Taken aback by a barrage of questions on nuclear preparedness, Gen Joshi said the biggest foe his troops had encountered during the last six days was the heat and dust-storms.

“The boys and machines had to contend with temperatures soaring to 52 degrees C and inside tanks and infantry combat vehicles it was even 5 to 7 degrees higher. But the soldiers and warmachines performed exceedingly well”, the General said.

On the exercises, the Army Commander said “some deficiencies had come to the fore, specially about spares”, but added that these were not on critical items which could cripple such future vital operations.

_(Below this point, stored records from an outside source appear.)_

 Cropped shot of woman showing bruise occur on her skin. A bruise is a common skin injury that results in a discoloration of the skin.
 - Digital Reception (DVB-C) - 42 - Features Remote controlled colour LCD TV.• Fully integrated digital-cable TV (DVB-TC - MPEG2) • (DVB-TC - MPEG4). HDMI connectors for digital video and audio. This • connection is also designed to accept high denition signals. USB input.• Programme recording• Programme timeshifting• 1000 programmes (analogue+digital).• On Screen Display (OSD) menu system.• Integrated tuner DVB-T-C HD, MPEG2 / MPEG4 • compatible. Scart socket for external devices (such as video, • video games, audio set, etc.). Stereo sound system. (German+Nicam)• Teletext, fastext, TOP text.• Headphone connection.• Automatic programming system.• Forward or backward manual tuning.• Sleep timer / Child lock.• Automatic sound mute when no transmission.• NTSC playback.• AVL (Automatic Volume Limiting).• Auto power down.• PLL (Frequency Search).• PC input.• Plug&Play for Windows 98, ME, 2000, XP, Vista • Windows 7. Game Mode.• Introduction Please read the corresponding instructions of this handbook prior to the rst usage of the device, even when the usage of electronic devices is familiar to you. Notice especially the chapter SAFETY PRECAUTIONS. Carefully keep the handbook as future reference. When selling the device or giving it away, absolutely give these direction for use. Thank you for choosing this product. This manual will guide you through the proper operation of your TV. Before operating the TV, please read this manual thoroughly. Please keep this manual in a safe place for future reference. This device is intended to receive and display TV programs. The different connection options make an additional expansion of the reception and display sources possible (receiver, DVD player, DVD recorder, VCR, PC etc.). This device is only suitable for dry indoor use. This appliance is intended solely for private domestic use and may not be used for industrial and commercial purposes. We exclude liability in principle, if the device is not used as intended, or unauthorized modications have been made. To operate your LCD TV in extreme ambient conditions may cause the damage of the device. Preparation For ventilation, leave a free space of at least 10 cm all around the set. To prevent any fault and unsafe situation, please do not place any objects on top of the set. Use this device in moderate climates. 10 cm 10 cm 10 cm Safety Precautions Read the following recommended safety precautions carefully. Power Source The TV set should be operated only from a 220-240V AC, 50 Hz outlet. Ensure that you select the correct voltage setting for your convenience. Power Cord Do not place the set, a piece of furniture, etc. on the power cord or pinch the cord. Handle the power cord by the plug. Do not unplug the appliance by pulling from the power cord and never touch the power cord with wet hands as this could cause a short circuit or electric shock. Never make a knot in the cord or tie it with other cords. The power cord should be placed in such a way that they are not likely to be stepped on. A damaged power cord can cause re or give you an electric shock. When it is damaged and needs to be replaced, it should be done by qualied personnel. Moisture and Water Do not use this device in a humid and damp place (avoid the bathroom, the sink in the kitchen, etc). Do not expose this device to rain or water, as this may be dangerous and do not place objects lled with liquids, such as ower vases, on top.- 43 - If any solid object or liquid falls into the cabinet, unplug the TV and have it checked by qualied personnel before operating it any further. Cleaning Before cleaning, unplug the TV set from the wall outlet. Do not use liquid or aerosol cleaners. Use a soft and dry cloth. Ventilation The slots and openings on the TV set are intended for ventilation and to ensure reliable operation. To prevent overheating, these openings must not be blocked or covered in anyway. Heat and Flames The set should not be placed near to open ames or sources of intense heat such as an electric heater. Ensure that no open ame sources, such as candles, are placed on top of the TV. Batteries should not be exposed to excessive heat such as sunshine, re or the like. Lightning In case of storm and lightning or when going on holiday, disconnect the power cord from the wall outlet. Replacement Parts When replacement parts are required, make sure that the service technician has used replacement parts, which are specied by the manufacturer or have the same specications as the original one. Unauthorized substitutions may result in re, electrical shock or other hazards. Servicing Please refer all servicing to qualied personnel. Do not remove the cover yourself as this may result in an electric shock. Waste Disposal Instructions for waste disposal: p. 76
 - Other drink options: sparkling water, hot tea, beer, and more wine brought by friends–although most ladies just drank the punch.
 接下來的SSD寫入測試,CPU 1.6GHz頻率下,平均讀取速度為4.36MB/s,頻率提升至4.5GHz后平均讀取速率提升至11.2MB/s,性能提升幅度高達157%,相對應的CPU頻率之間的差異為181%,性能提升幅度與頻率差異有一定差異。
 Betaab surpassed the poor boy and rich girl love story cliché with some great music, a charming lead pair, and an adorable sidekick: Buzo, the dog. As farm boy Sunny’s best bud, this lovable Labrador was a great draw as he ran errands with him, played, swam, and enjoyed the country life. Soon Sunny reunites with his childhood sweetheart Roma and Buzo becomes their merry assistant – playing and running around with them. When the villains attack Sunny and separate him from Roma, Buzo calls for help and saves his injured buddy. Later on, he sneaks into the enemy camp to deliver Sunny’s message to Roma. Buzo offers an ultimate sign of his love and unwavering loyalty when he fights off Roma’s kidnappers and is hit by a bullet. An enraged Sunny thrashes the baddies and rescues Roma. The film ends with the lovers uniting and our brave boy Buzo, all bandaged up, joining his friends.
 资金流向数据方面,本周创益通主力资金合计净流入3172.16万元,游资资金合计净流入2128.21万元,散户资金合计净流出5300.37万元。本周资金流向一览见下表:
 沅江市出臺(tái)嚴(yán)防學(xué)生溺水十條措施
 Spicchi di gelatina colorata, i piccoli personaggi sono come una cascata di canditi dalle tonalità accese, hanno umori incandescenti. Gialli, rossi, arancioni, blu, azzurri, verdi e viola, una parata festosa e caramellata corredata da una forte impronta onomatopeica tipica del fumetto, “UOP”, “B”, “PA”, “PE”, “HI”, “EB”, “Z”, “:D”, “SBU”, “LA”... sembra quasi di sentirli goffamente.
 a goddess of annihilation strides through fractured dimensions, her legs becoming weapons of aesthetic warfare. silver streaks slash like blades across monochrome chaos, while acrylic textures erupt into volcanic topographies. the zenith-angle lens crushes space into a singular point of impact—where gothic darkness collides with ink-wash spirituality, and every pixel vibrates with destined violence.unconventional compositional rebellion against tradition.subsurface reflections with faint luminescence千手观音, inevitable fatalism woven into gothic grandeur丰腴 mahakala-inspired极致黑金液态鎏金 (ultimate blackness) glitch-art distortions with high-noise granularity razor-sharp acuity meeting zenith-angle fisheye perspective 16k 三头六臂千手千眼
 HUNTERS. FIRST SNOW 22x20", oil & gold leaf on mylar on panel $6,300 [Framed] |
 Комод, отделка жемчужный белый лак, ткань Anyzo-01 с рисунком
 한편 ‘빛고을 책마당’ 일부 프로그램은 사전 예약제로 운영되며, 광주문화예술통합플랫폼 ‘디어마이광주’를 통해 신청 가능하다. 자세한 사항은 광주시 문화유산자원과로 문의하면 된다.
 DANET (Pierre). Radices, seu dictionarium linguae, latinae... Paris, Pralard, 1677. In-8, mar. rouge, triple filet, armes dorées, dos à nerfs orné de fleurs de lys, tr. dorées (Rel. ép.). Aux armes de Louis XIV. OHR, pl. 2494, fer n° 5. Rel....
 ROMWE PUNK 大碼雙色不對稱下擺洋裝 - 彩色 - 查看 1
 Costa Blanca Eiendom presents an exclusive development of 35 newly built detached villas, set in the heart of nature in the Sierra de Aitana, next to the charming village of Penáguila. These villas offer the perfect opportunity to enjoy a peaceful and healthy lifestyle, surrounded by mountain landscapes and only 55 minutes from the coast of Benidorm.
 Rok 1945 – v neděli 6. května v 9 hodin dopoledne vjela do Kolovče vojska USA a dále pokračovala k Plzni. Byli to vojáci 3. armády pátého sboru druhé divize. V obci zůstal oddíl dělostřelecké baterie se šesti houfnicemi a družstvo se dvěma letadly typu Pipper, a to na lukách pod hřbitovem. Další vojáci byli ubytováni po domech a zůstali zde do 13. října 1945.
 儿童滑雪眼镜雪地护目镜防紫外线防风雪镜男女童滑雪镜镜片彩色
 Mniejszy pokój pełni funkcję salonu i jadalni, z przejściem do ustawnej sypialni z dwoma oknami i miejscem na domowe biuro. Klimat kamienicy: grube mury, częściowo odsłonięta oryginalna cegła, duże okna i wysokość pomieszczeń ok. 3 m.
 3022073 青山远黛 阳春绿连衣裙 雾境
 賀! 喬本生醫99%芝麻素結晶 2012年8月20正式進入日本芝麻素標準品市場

He said the new equipment tested in the wargames which involved 40,000 personnel, more than 500 tanks, hundreds of infantry combat vehicles and pieces of artillery were the unmanned aerial reconnaissance vehicles (UAVs), highly sophisticated communication systems, including V-Sat terminals and IT wartools.

However, top commanders were tightlipped when asked if 150-250 km long surface-to-surface Prithvi missiles with nuclear warheads had been deployed in the wargames.

On why Arjun main battle tanks had not been deployed, Gen Joshi said though some of these tanks had been inducted, no one regiment was fully equipped with these tanks, to enable their testing in such wargames.

“Four armoured regiments have received these tanks. But they are still in the stage of building it up to deployment level”, the General said.

The armoured division commander, Maj-Gen Satur, leading the rapid offensive, on use of UAVs said “They add quite a punch which we were lacking earlier. It makes battlefield more transparent”.